2. Materials and Methods

2.1. Study Area

Located in the southwest of Sichuan Province, Liangshan Prefecture is situated between 100°15′~103°53′ E and 26°03′~29°27′ N, with a total area of 60,400 km² and a total resident population of 4,874,000. The terrain is high in the northwest and low in the southeast, with large surface undulations and rugged terrain. Liangshan Prefecture has a subtropical monsoon climate with distinct dry and wet conditions. The dry season is from November to April, when the territory has plenty of sunshine, and the rainy season is from May to October, when the territory is cool, wet and rainy. The forest area of Liangshan Prefecture is 31,557 km², with 52.37% forest coverage and 340 million m³ of forest stock volume in the territory.

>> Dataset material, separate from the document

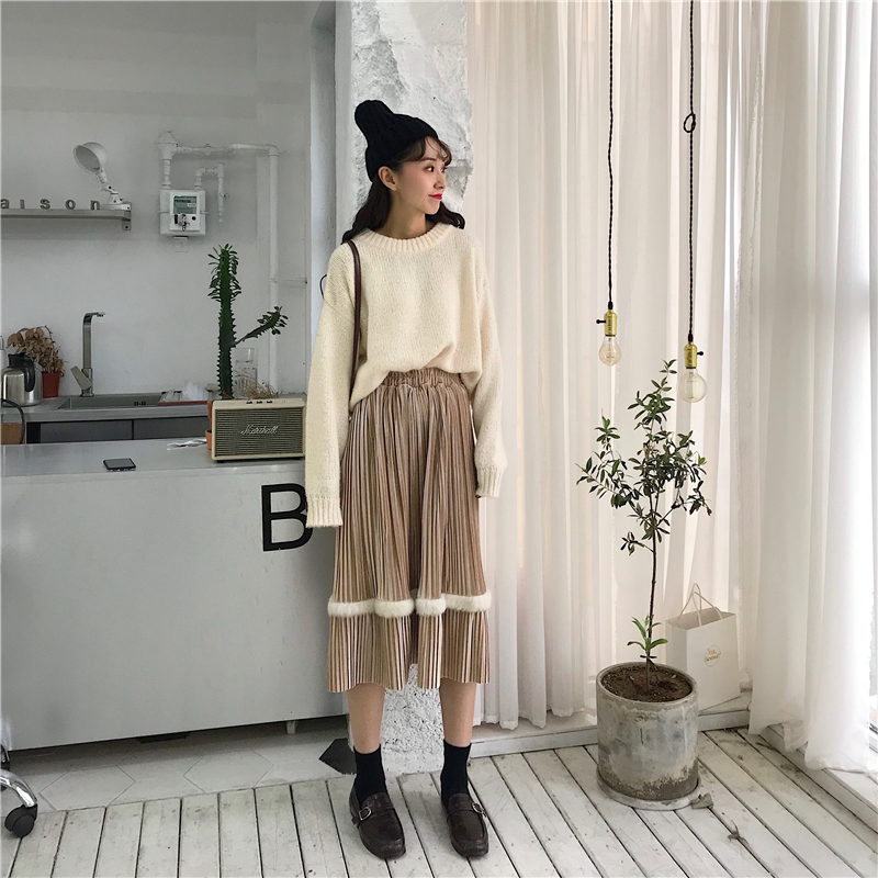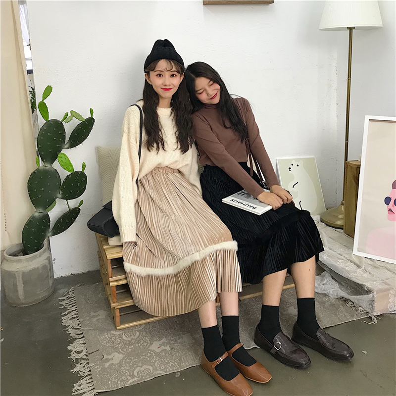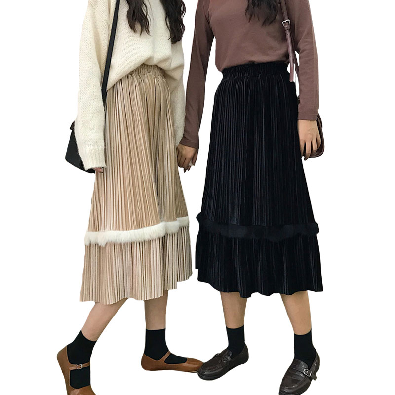 可可里小姐~2018秋冬新款絲絨百褶中長款半身裙

The vegetation types in the territory are diverse, mainly coniferous and broad-leaved forests, with Yunnan pine widely distributed in the central and southern dry-heat valleys, fir and spruce in the northwestern part at higher altitudes, and dense complex, broad forests in the northeastern region.

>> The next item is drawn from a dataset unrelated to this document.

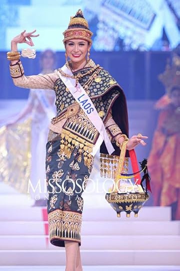 9. Miss Laos International Piyamarth Phounpaseuth--Traditional, gorgeous and stylish. Piyamarth represented her nation well in this beautiful costume featuring the lovely silks and gold adornments from her nation including the "Sinh" tube skirt and over-the-shoulder shawl.

Liangshan Prefecture belongs to a forest fire-prone area, which is highly susceptible to forest fires due to high temperatures and low precipitation in winter and spring. Several forest fires have occurred in recent years, including two forest fires in Muli (31 people lost their lives and the burned area was about 20 hectares) and Xichang (19 people lost their lives, 3 people were injured, the burned area was 3047.7805 hectares, 791.6 hectares of forest area was damaged and the direct economic loss equaled 97.312 million yuan) that caused significant casualties and economic losses. Therefore, conducting a wildfire risk prediction and assessment in this area is vital. Figure 1 shows an overview of the study area.

2.2. Data Source

2.2.1. Fire Database

The MCD64A1 burned area product is a monthly product of burned area mapping with a spatial resolution of 500 m provided by MODIS, which has been proven to be highly accurate [14]. This dataset records the location information, occurrence date, end date, fire area, and confidence level of regional fires. The MCD64A1 burned area data of the Liangshan region from 2011–2020 were obtained from NASA’s Terrestrial Data Distribution Center (https://search.earthdata.nasa.gov/search (accessed on 22 April 2022)), and the ten years of burned area data were overlaid. A total of 5951 fire points were extracted.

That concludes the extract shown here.